Activity -> Check each line of the listing below for the string "orgullo", then give only the number of lines where it occurs.

-- Data listing follows --

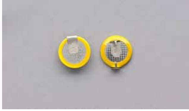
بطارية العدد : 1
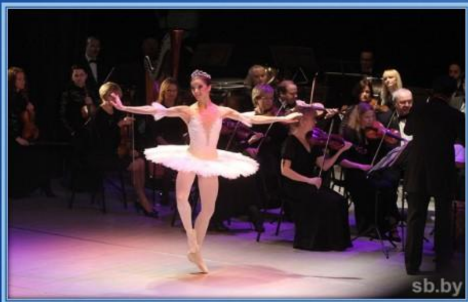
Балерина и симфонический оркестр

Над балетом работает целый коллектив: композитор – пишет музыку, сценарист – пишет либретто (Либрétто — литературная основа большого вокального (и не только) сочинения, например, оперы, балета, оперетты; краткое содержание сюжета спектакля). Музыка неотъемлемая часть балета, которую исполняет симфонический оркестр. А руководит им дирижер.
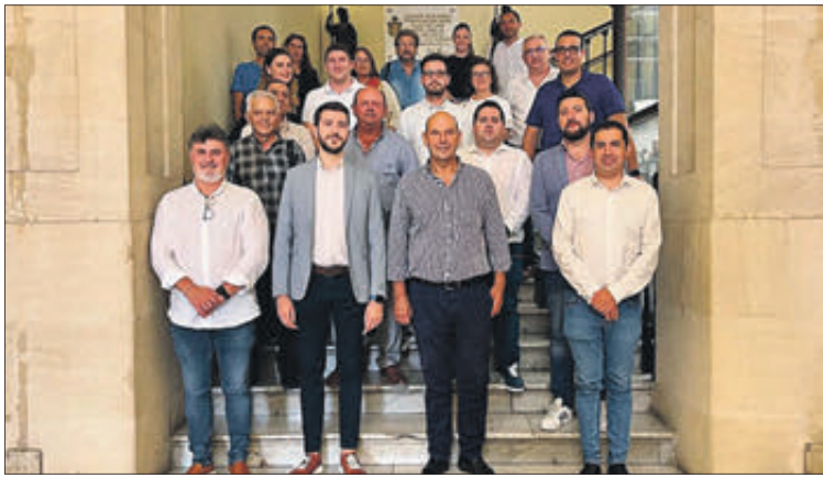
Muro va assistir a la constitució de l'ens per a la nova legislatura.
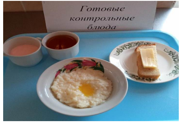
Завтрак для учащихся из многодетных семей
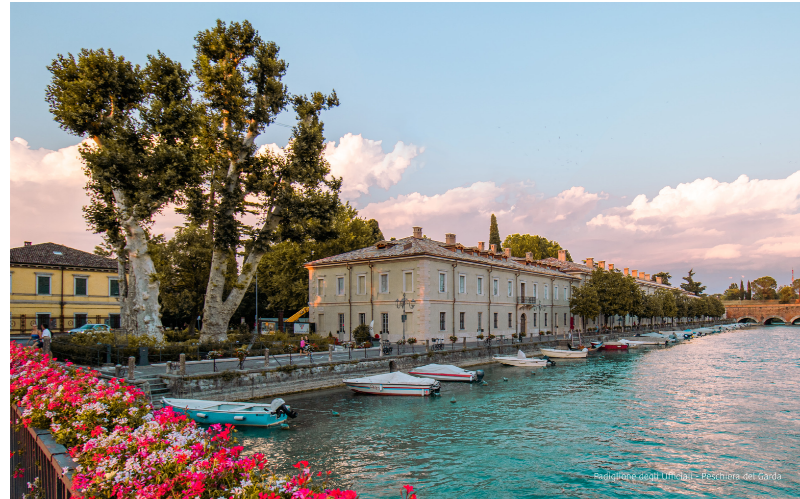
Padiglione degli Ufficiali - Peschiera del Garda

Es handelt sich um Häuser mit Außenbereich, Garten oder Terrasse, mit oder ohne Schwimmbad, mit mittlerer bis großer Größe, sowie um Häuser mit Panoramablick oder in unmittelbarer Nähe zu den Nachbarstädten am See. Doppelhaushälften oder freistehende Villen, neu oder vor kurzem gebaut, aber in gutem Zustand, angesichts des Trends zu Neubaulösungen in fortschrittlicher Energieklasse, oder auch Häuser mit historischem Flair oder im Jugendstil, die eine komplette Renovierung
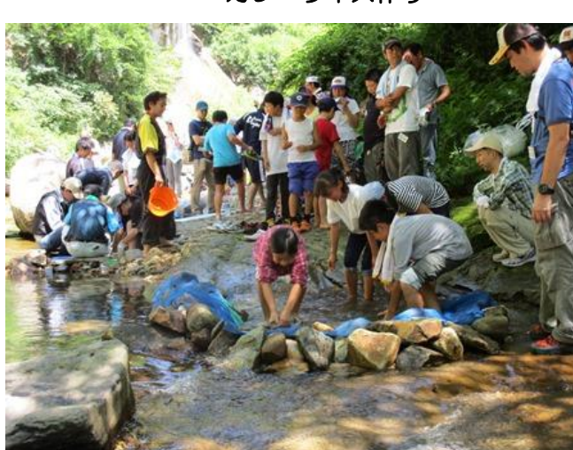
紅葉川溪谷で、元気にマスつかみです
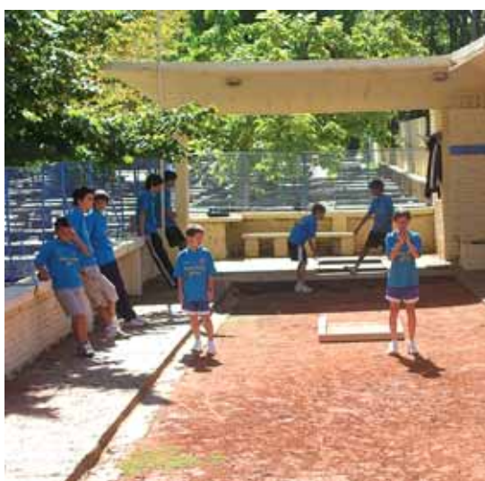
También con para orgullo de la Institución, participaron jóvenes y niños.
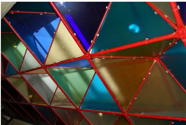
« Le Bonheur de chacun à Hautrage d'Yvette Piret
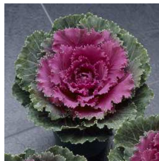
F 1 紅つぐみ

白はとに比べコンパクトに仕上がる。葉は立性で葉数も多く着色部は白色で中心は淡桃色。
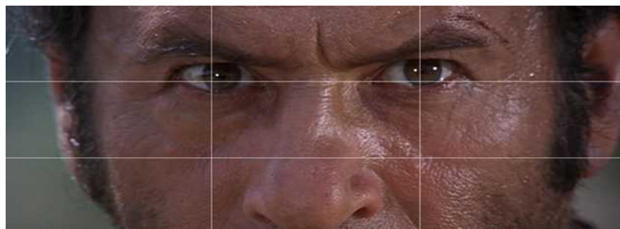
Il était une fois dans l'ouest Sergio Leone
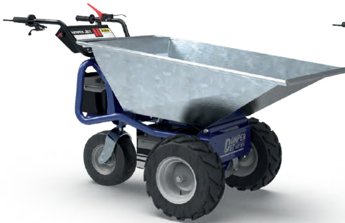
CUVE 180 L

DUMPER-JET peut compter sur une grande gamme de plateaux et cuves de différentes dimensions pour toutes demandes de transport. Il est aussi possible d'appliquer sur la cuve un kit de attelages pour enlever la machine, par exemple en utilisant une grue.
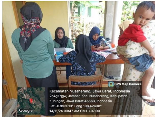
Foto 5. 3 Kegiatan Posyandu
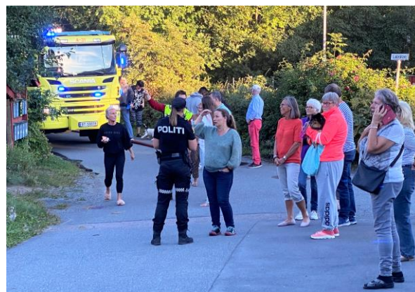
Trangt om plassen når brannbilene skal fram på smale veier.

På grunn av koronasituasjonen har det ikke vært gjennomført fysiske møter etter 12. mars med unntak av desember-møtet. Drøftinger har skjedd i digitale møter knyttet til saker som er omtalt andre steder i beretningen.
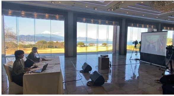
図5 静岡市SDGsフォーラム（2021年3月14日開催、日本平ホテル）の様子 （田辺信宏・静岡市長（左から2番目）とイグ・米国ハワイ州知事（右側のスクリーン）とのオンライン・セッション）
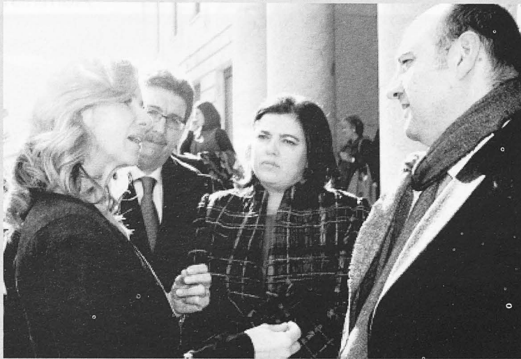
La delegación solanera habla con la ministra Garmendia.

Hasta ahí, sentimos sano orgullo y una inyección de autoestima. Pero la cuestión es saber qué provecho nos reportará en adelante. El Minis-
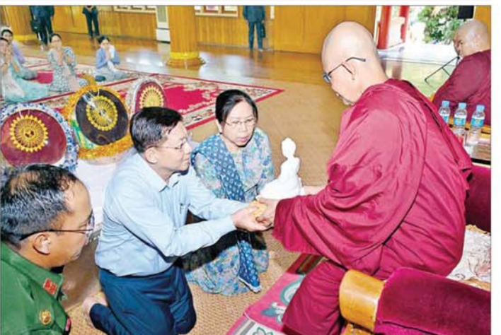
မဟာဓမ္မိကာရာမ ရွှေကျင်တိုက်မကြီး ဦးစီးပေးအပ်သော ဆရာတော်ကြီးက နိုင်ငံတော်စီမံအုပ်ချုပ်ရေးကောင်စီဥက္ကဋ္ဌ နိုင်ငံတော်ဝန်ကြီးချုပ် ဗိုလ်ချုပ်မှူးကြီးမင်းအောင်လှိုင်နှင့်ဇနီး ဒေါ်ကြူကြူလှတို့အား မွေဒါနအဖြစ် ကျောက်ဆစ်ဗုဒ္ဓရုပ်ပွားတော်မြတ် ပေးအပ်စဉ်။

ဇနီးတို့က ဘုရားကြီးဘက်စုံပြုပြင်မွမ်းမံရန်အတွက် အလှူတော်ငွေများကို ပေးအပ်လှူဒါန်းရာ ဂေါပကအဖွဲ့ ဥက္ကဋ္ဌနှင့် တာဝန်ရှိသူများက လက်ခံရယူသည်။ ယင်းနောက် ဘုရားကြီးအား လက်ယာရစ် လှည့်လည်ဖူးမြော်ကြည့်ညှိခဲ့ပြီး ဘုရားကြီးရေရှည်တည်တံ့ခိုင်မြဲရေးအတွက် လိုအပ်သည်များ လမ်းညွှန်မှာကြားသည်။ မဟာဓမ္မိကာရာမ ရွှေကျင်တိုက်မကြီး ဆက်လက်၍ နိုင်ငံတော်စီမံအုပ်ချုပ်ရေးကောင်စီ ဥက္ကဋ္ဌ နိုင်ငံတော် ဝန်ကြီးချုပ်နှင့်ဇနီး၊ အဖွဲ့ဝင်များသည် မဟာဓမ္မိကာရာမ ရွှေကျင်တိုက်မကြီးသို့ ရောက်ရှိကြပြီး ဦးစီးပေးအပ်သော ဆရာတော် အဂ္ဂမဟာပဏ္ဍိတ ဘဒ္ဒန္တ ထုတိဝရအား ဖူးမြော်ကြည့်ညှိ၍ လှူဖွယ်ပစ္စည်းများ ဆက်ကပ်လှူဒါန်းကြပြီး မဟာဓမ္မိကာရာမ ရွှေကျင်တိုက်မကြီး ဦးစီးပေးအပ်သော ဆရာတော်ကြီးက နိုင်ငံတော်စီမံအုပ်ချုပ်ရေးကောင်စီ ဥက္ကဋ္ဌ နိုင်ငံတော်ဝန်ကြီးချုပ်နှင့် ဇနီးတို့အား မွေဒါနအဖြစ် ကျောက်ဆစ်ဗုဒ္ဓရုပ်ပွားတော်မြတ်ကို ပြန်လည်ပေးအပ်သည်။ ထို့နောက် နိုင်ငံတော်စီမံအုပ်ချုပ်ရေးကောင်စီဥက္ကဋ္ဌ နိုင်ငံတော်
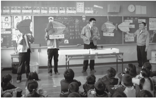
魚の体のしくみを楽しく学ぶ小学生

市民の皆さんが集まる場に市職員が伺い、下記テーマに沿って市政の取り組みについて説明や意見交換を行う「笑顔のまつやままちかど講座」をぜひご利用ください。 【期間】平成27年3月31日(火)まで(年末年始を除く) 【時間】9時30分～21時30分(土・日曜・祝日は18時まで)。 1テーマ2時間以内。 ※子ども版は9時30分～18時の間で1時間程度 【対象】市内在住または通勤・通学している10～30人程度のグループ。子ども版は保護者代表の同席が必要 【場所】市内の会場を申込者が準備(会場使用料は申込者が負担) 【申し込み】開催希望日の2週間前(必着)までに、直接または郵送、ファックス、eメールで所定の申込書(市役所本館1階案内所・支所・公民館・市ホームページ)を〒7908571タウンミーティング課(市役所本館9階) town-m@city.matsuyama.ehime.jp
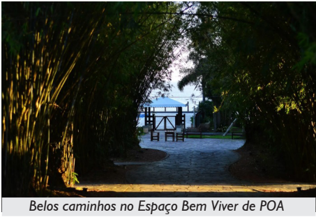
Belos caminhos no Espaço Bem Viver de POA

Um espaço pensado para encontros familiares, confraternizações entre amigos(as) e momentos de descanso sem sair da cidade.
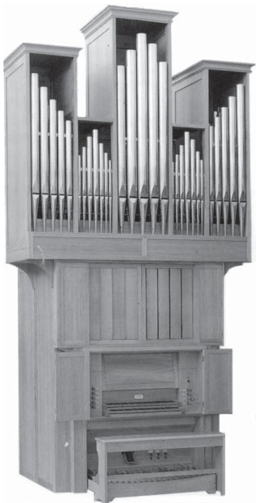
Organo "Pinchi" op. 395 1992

-- Data listing concluded --

Output for this task -> 2